• [WORK REQUIRED] The reply should contain every line of the data, repeated exactly, and no pictures.

• [SOURCE DATA]
-- -- --

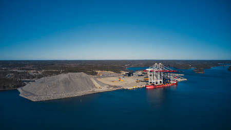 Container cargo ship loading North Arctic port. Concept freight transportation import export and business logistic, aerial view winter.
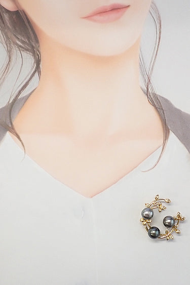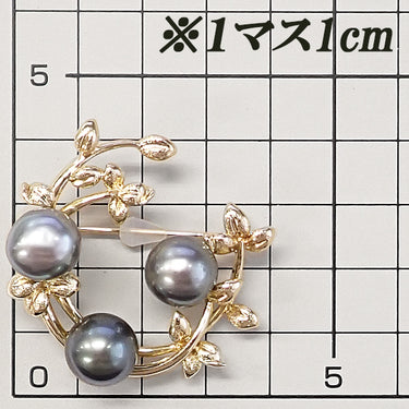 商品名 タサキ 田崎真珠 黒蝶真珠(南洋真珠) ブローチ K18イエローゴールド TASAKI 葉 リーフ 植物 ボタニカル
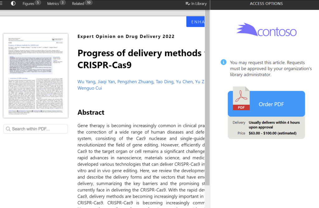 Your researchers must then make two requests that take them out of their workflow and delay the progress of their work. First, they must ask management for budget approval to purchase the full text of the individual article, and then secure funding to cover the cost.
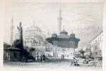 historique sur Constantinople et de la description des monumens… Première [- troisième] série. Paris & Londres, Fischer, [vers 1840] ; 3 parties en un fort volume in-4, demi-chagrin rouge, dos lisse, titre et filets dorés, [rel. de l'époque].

-- -- --

• [ANSWER FOR THIS EXERCISE]
 Container cargo ship loading North Arctic port. Concept freight transportation import export and business logistic, aerial view winter.
 商品名 タサキ 田崎真珠 黒蝶真珠(南洋真珠) ブローチ K18イエローゴールド TASAKI 葉 リーフ 植物 ボタニカル
 Your researchers must then make two requests that take them out of their workflow and delay the progress of their work. First, they must ask management for budget approval to purchase the full text of the individual article, and then secure funding to cover the cost.
 historique sur Constantinople et de la description des monumens… Première [- troisième] série. Paris & Londres, Fischer, [vers 1840] ; 3 parties en un fort volume in-4, demi-chagrin rouge, dos lisse, titre et filets dorés, [rel. de l'époque].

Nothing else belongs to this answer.